POWIAT ŚREDZKI
Echo Średzkie

Radni o problemach z halą sportową. Podziękowania dla sołtysów

Sesje w Malczycach zaczęli odwiedzać mieszkańcy. Zgłaszają problemy i proszą o pomoc. Nie boją się głośno komentować decyzji radnych.

Krzysztof Pastuch, mieszkaniec Mazurowic mówił o nietrafionych inwestycjach we wsi. Chodzi m.in. o oświetlenie na terenie jego posesji i tablice informacyjne zamontowane na poboczu ruchliwej drogi krajowej nr 94.

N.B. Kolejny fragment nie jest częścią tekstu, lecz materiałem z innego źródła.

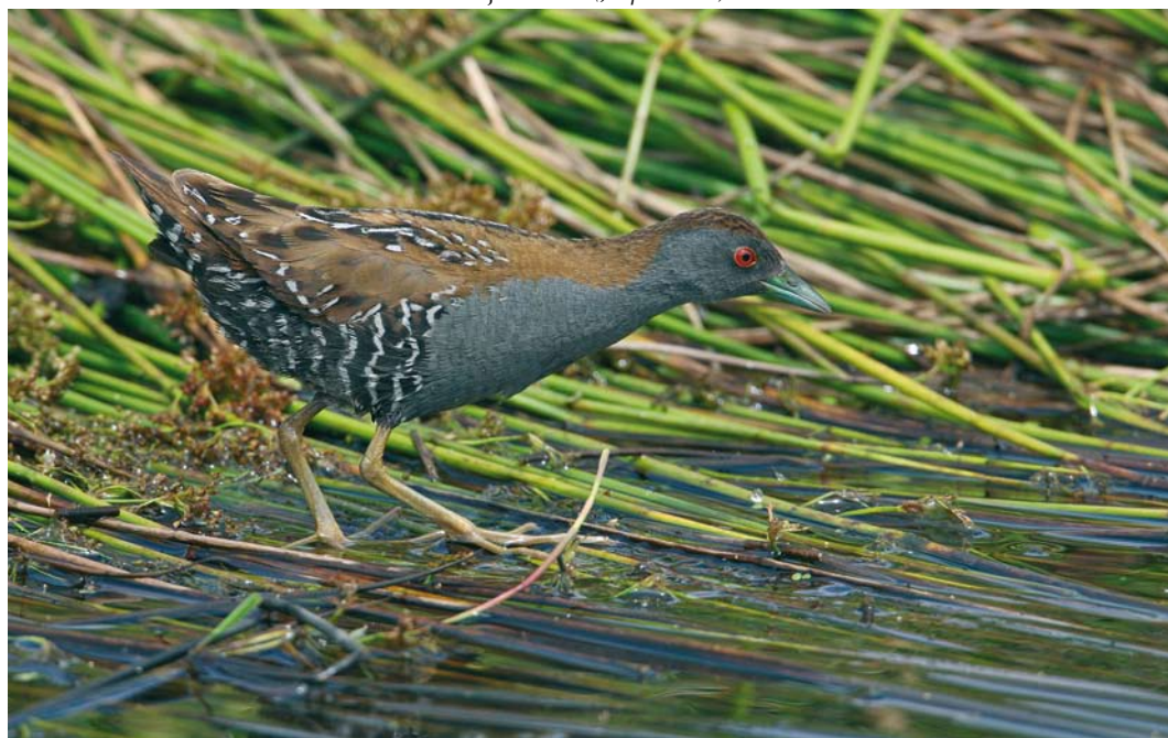
144 Kleinst Waterhoen / Baillon's Crake Porzana pusilla , mannetje, Groene Jonker, Zevenhoven, Zuid-Holland, 20 juni 2009 ( Jaap Denee )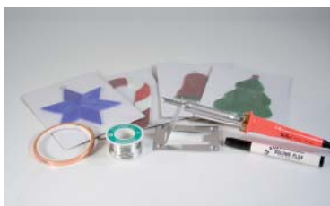
34 120 00 WELLER Tiffany Einsteiger Set, 220 V / 80 W Stained glass kit, 220 V / 80 W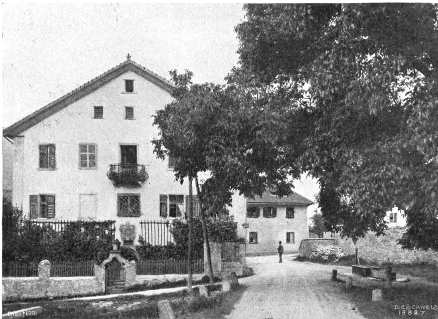
Haus in Rodels im Domleschg.

- Mieszkam przy Łąkowej. Lampę oświetlającą zamontowano na słupie energetycznym. To nie rozwiązało problemu dojścia do mojej posesji. Apeluję do radnych i pracowników gminy, aby pomogli rozwiązać problem – mówił mieszkaniec.

Kolejnym problemem są tablice informacyjne zamontowane na poboczach drogi krajowej. Aby je omijać trzeba wychodzić na drogę. Najgorzej jest wieczorami, kiedy nie widać pieszych. Oprócz tego ekrany akustyczne zasłaniają wyjazd z ulicy Spółdzielczej. Problemy z przejściem przez ruchliwą czteropasmówkę mają ludzie starsi.

- Na montaż oświetlenia mamy wpływ i zajmiemy się sprawą. Jeśli chodzi o znaki i pobocza możemy tylko zgłosić problem u zarządcy drogi. Na pewno zwrócimy uwagę na poprawę bezpieczeństwa – wyjaśnił Marcin Głowacki, przewodniczący rady.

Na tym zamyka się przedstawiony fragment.